Oregon House of Representatives
- Members: 60 Representatives
- Speaker of the House: Dan Rayfield (D)
- Majority Leader: Julie Fahey (D)
- Minority Leader: Vikki Breese-Iverson (R)
- Party control: Democratic

= 81st Oregon Legislative Assembly =

The 81st Oregon Legislative Assembly was the legislative session of the Oregon Legislative Assembly that convened on January 11, 2021 and adjourned June 26th. Its even-year short session of 35 days convened on February 1, 2022 and adjourned sine die on March 4, 2022.

The Democratic Party of Oregon retained supermajority status in both chambers: as a result of the 2020 Oregon State Senate election, the Democrats kept its 18–12 majority, and in the 2020 Oregon House of Representatives election, the party's majority slipped by a single seat to maintain a 37–23 majority.

== Legislation ==
During the 35 day short session that began February 1, 2022, lawmakers considered more than 250 bills and allocating between $1.5 and $2 billion in funding.

=== Successful ===

SCR 203 "Adjourns sine die 2022 regular session of Eighty-first Legislative Assembly."

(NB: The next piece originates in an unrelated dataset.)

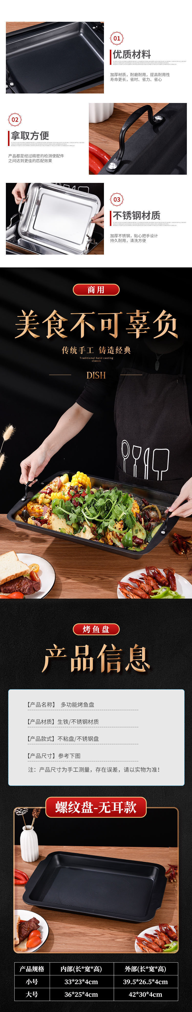 도매 상업용 생선 구이 오븐 생선 구이 접시 직사각형 생선 구이 냄비 상업용 스테인레스 스틸 깊은 접시 양각 비 스틱 구이스토어 가기

SCR 204 "Establishes deadlines for presession-filed legislative measures for 2023 regular session of Eighty-second Legislative Assembly."

5703A SB 5703A "Modifies amounts allocated from Administrative Services Economic Development Fund to state agencies."

SB 5702A "Establishes and modifies limits on payment of expenses from specified funds by certain state agencies for capital construction."

SB 5701 "Modifies projects and amounts authorized for issuance of general obligation bonds, revenue bonds, certificates of participation and other financing agreements for biennium."

HB 1584 "Creates procedure for filing petition for compensation for wrongful conviction."

HB 1567B(50-7) "Requires owners or operators of bulk oils and liquid fuels terminals located in Columbia, Multnomah or Lane County to conduct and submit to Department of Environmental Quality seismic vulnerability assessments."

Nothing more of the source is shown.